Work instruction: Copy exactly, and only, the lines between the start of the entries below and the line containing "近日,城管执法人员对东营区西", both inclusive. Omit pictures.

Data extracted from a collection:
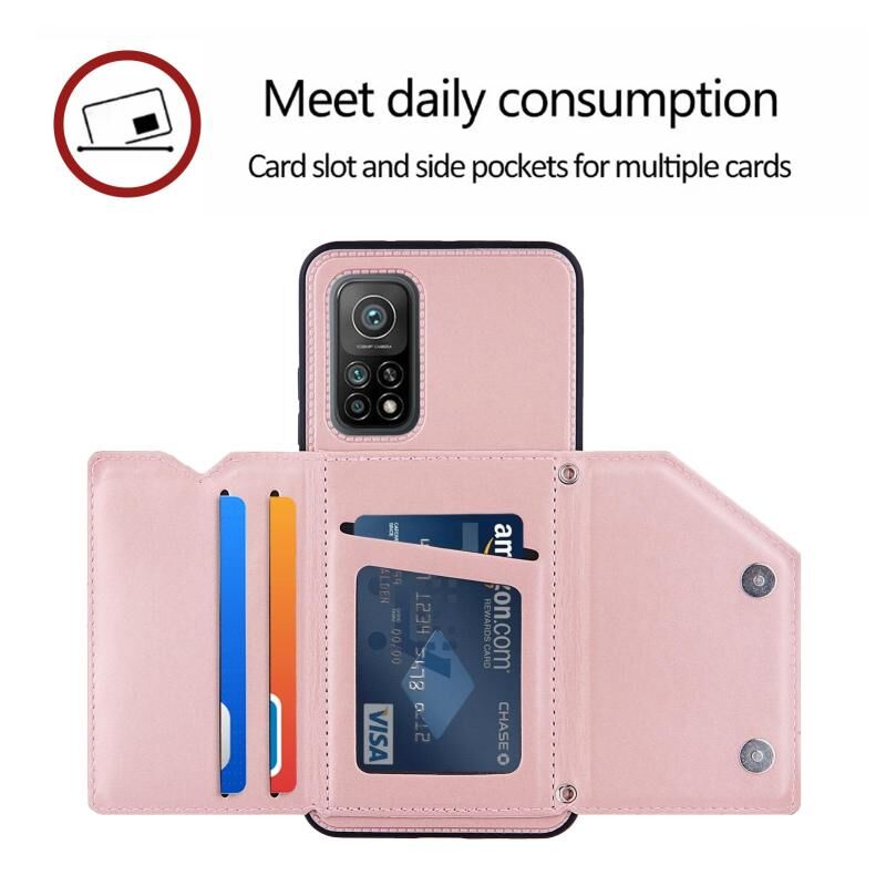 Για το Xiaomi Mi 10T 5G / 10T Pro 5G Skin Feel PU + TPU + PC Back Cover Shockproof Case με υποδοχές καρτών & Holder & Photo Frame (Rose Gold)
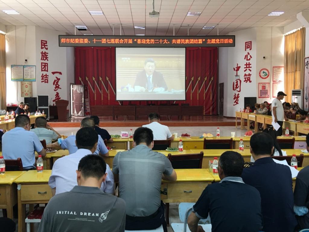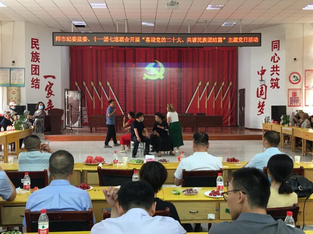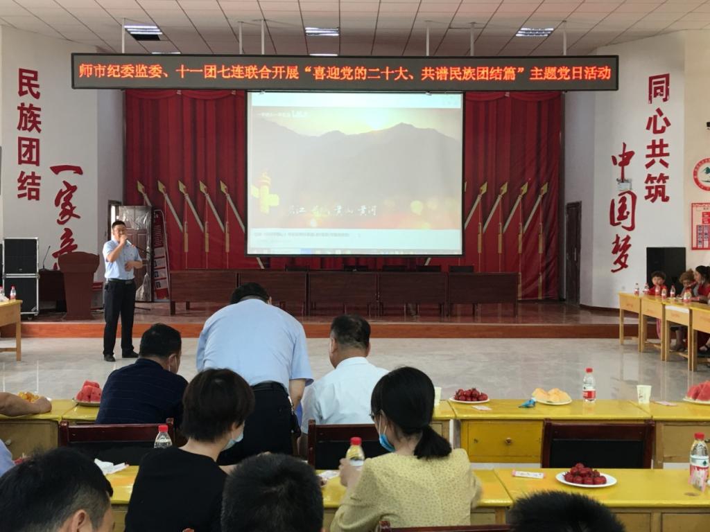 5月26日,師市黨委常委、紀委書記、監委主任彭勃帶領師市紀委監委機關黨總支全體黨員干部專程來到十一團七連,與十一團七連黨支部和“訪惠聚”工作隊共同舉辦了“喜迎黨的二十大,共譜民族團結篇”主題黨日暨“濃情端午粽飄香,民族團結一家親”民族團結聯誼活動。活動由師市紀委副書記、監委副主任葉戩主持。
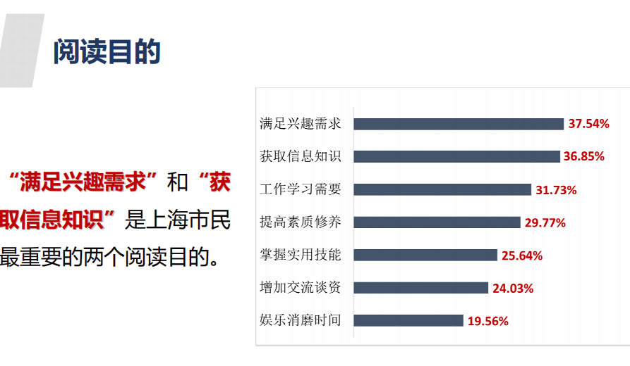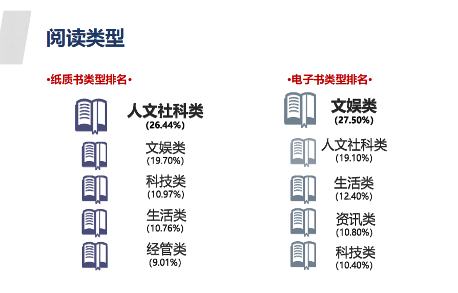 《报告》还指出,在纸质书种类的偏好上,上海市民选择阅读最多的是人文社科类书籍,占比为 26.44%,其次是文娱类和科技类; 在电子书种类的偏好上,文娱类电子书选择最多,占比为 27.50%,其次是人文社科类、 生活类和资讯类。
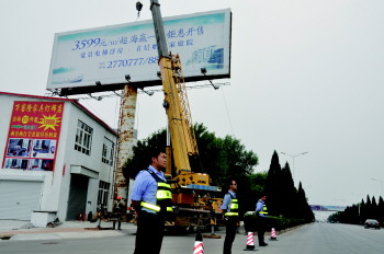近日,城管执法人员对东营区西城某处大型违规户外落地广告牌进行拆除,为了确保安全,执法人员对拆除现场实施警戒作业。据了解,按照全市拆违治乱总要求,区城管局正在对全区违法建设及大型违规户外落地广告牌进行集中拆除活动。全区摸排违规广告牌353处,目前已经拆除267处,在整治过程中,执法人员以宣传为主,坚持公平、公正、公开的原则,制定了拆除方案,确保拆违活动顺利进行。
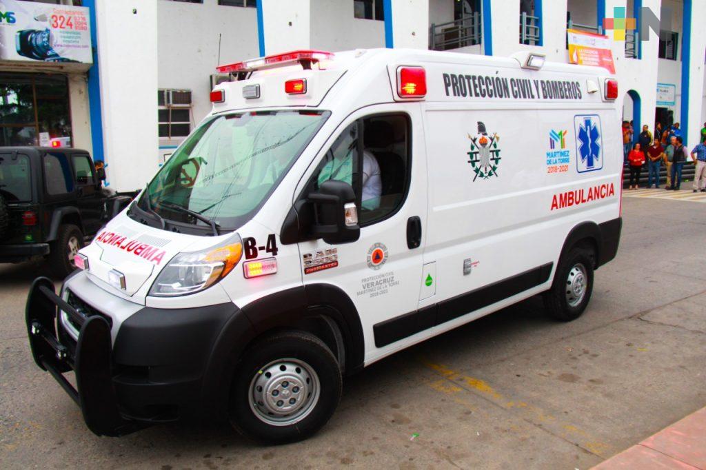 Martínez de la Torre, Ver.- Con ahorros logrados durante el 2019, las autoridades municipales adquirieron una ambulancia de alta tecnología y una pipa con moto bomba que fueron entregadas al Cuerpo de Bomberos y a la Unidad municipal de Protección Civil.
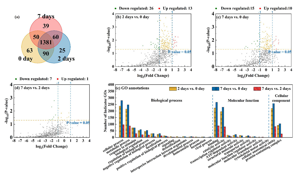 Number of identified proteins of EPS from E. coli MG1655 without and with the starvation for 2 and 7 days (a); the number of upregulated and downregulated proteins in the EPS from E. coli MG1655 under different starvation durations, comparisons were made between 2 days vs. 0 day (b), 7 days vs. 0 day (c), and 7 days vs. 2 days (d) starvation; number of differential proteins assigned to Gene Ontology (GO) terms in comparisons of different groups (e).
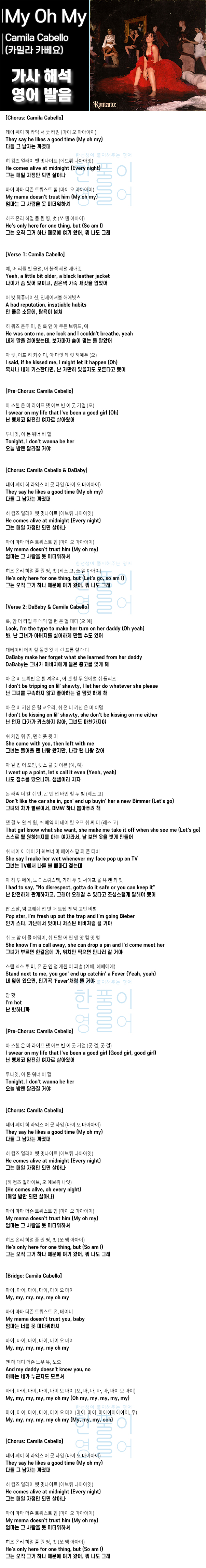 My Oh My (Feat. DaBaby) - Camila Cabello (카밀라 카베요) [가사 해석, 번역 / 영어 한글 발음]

Output:
 Για το Xiaomi Mi 10T 5G / 10T Pro 5G Skin Feel PU + TPU + PC Back Cover Shockproof Case με υποδοχές καρτών & Holder & Photo Frame (Rose Gold)
 5月26日,師市黨委常委、紀委書記、監委主任彭勃帶領師市紀委監委機關黨總支全體黨員干部專程來到十一團七連,與十一團七連黨支部和“訪惠聚”工作隊共同舉辦了“喜迎黨的二十大,共譜民族團結篇”主題黨日暨“濃情端午粽飄香,民族團結一家親”民族團結聯誼活動。活動由師市紀委副書記、監委副主任葉戩主持。
 《报告》还指出,在纸质书种类的偏好上,上海市民选择阅读最多的是人文社科类书籍,占比为 26.44%,其次是文娱类和科技类; 在电子书种类的偏好上,文娱类电子书选择最多,占比为 27.50%,其次是人文社科类、 生活类和资讯类。
近日,城管执法人员对东营区西城某处大型违规户外落地广告牌进行拆除,为了确保安全,执法人员对拆除现场实施警戒作业。据了解,按照全市拆违治乱总要求,区城管局正在对全区违法建设及大型违规户外落地广告牌进行集中拆除活动。全区摸排违规广告牌353处,目前已经拆除267处,在整治过程中,执法人员以宣传为主,坚持公平、公正、公开的原则,制定了拆除方案,确保拆违活动顺利进行。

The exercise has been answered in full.